Omdat dat wapengeweld ook hem had overvallen en omdat hij steeds maar nieuwe lichtingen moest inzetten. Dat mocht niet nog eens gebeuren.  Indien dat wel zou geschieden, zei Thor, dan moet de bewindspersoon onder wiens beheer dat geschiedde er voor bloeden: dat gebeurt in Groot-Brittannië óók en dat is het sluitstuk van de parlementaire democratie. Dat systeem, zei Omtzigt, dat moet nu over de volle omvang hersteld worden, want Rutte heeft er maar een slinger aan gegeven samen met Hugo de Jonge, Hoekstra, Ollongren en Kaag.
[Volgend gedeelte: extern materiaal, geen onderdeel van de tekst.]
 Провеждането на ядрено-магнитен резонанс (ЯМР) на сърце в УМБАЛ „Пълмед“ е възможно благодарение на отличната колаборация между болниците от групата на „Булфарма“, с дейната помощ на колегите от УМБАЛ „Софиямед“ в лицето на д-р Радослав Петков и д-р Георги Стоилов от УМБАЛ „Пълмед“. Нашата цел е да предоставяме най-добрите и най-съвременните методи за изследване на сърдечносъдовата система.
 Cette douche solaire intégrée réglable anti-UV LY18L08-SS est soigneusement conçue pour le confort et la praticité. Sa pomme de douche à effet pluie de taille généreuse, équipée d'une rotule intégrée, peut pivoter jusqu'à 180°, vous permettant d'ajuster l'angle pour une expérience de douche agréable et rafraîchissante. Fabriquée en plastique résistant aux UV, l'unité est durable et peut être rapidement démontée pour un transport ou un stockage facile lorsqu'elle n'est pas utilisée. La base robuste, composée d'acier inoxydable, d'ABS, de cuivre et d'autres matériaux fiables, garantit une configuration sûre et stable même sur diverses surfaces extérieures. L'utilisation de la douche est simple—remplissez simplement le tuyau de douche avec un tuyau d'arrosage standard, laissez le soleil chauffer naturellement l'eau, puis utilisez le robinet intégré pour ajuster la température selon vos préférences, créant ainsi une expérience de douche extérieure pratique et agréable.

Ook bij het deelnemen aan oorlogshandelingen in het Oekraïne-conflict door wapenleveranties en personele facilitaties die al in de miljoenen lopen. Nu is er een opsomming geweest ter gelegenheid van de formatie van de departementale tekorten, die zonder twijfel nog zijn opgehoogd ook omdat sommige departementen desiderata hebben opgevoerd voor de naaste toekomst en daarom doen of hun middelen uitgeput zijn. Je wéét maar nooit. Wat gebeurt er, als ik, Omtzigt, op basis van deze stukken zomaar verder ga met het formatie-overleg, terwijl ik steeds volhield, zéker toen ik eenpitter was, dat het inconstitutioneel was om posten op te voeren en te delgen zonder wettelijke overeenstemming met de Tweede Kamer. Deze stukken, waarin essentialia zijn zwartgelakt, zijn voor mij in dit verband niet te toetsen. Terwijl daarin vermoedelijk veel verantwoordelijkheden schuilgaan van de destijds regerende bewindslieden.
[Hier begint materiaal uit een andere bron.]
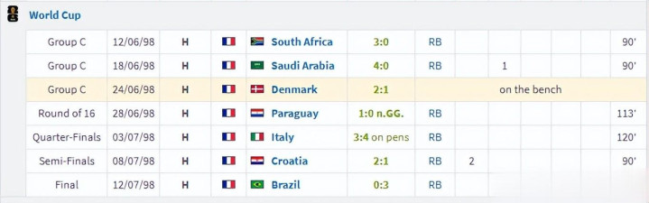 绝不夸张的说,当98年天下杯开启时,图拉姆正处于现象巅峰,成为法国队首发右后卫亦然毫无悬念。除了小组赛末轮对阵丹麦时球队大交替没踢,图拉姆首发踢满了剩余全部比赛。在阻挠端出色的同期,这届杯赛咱们致使看到了一个不同样的图拉姆。小组赛对阵沙特助攻特雷泽盖都只可算是小试牛刀。

Waarbij de ambtenaren die deze posten formuleerden en tentatief rechtvaardigden – zonder zulks in de vorm van een wetsvoorstel te doen – ook nog eens kunnen gelden als noodzakelijke deelnemers aan wellicht onverantwoordbare uitgaven? Denk even aan de deal met de heer Sywert van Lienden, waarvan we nu nog steeds niets van weten wat de hoed en de rand aangaat? Dat akkevietje staat niet op zichzelf, dat gelooft ook niemand meer. De andere partijen hebben in dit opzicht óf geen toereikende expertise — dat geven ze nog toe óók, helaas – of ze hebben volledig meegedaan als regeringspartij. De VVD.
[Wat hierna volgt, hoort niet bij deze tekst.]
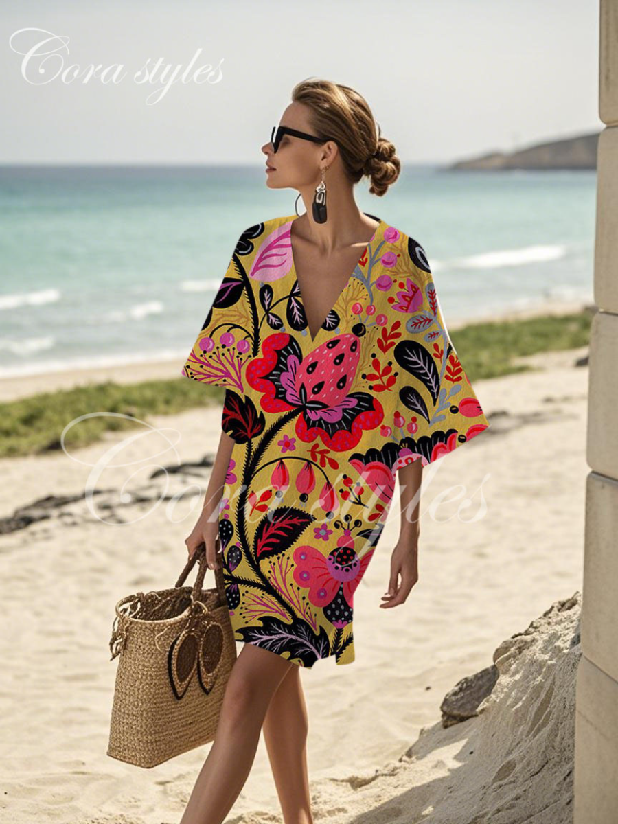 Summer Vacation Printed Cotton and Linen Women's V-Neck Short Skirt

Dat kan Omtzigt niet laten passeren, want zuiverheid in deze verantwoordingsplichten heeft hij altijd gepretendeerd. Het is vermoedelijk ook het cement dat zijn partij van het Nieuwe Sociaal Contract overeind houdt. Dat weten de topambtenaren ook wel. Struikelt de formatie, dan is doomsday voorlopig afbesteld. En dat van uitstel afstel komt, dat weet ambtelijk Den Haag maar al te goed. Zeker als het alternatief een kabinet-Timmermans is dat al is aangeprezen als het kabinet dat het geldt haalt waar het maar te innen is, of dat nu eerlijk en evenredig is of niet.